First of all, I had to think how I would store and then load the language specific data. Initially I thought maybe I could fit the data into in their respective locations in the original .dat file, but when looking at Polish and Czech executables, which are much larger, I realized that would not work. So I ended with adding all the strings at the end of original .dat file. In the engine, I added Segment object for each of the items, and made the engine to read from them instead of the data segment.

I started with loading and displaying Credits and Item names, as these two were the easiest. For the loading part, I introduced two Segment objects containing these two resources and made them read the data from .dat file:

I also added Resources::precomputeCreditsOffets() and Resources::precomputeItemOffset() to precompute offsets after the loading is done. This is identical to how dialog offsets are computed and is needed so that the engine can get to correct location where credit/item data start when it asks for a particular credit/item number.

Next, I added message strings. Adding them was also quite easy, and took the same approach as the one above. The only thing that needed to be carefully taken care of was combine error message. In the .exe they don’t come together with the rest of the messages. In fact this message is the last part of the combining table section. However, for the consistency, I placed this message as the last item in messages segment.

Speaking of combination messages, I added them after this. Each combination consists of the following members:

struct {

   byte _obj1Id;

   byte _obj2Id;

   byte _newObjId;

   Common::String _combinationString;

}

I split this structure to two: one containing the first three bytes which are the same for all languages, and the one containing just the combination strings.

After that, I worked on dialogs. Initially I thought it would be the same as with other strings, but at the time I forgot about dialog stacks. Because of this, the dialogs for English and Russian versions were fine, but some dialogs in Polish and Czech versions were completely off the context. Turned out, that some dialogs should be popped from dialog stacks and shown only when certain events are triggered. They were working for English and Russian versions, as the code for reading the dialog stack data was still reading it from data segment, not from the segment that was dedicated to it. After realizing this, I added stack dialog stacks as a resource to .dat, added code for loading it and correct dialogs started popping out.

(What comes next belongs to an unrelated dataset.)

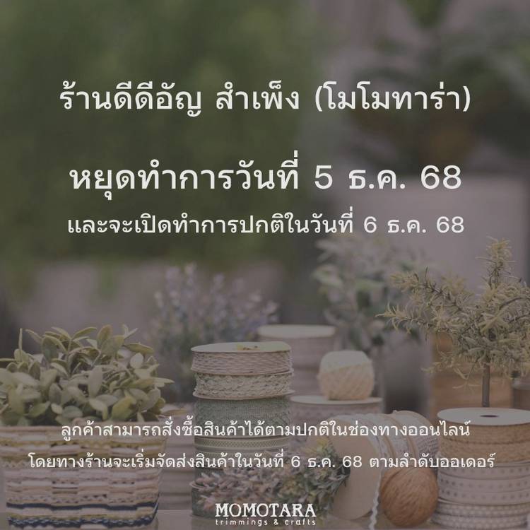 ตลอดหลายปีที่ผ่านมา โมโมทาร่า ได้ผลิตริบบิ้น เชือกเกลียว ชายครุย ลูกไม้ และตัวประดับหลากหลาย รูปแบบ เพื่อให้ช่างตัดเย็บ นักออกแบบตกแต่ง ผู้ผลิตของขวัญ และลูกค้าที่รักงานฝีมือ ได้เลือกนำไป สร้างสรรค์ผลงานตามจินตนาการอย่างไม่จำกัด จนถึงวันนี้ผลิตภัณฑ์ของเราได้ไปประกอบอยู่กับเสื้อผ้า เครื่องแบบ เครื่องประดับ เครื่องนอน ของขวัญ และของตกแต่งในงานพิธีหรือเทศกาลต่างๆ มากมาย เราตื่นเต้นทุกครั้งที่เห็นใครใช้ทริมเล็กๆ เหล่านี้ไป ตกแต่งบนสิ่งของต่างๆ เพื่อแสดงถึงความเป็น ตัวของตัวเอง เรามีความสุขทุกครั้งเมื่อเห็นใครตั้งใจ ตกแต่งการ์ดหรือประดิษฐ์ของขวัญเพื่อมอบให้คนพิเศษ เพราะนั่นคือการส่งความรู้สึกที่เรียบง่ายอันแสนวิเศษ และเราอิ่มเอมใจที่เห็นใครหลายคนชวนกันมานั่งล้อมวง ทำงานคราฟต์เพื่อพัฒนาตัวเองไปพร้อมกับการ แลกเปลี่ยนเรื่องราวชีวิตของกันและกันอย่างสนุกสนาน เราดีใจที่ โมโมทาร่า เป็นส่วนหนึ่งของภาพเหล่านั้น For decades, MOMOTARA has been manufacturing narrow fabrics such as ribbons, twisted cords, laces, fringes and appliques catering for satorialists, decorators, gift makers and craft lovers to create artworks of infinite possibilities. Today our products are seen adorning anywhere from fashion to uniform, accessories to bedding, ceremonial to festive. we get excited every time when someone deliberately adds little trims onto personal objects to fit their own chosen lifestyle. We are always delightful that hand-decorated cards or DIY gifts are given as the purest expression of good thoughts. Moreover, we feel truely blessed to see friends huddling up for craft practising pastime while sharing life bits to one another. it’s mere joy when MOMOTARA can be a part of those scenes.

Lastly, I worked on adding scene object names and descriptions. This part was the trickiest. First of all, I realized during extraction, I made an error, and didn’t not consider cases with items with default description. That is, after the null byte, these items contain 01 byte, which indicated that the objects will be given the default description name – “Cool.” (English), “Miodzio.” (Polish), “Bezva.” (Czech), “Вещь.” (Russian). Once I realized this, I fixed it here.

Another important thing to point out is that this kind structure is a part of savefile, and the objects and their members (including names) are modified in runtime. The last part about the names is crucial, as certain objects, namely four – “girl”, “robot”, “boy”, “bowl” are modified changed to their “real” names – “Anne”, “Mike”,  “Sonny or whatever”, “body”. I implemented the support for this, but forgot crucial thing – I didn’t set enough space for the initial names, so that when they are changed, it does not overwrite description part. Because of this, I was getting constant crashes when trying to load the older saves (before changes in the pr). After finding about this, I was able to fix the issue and thus, preserve compatibility with old saves.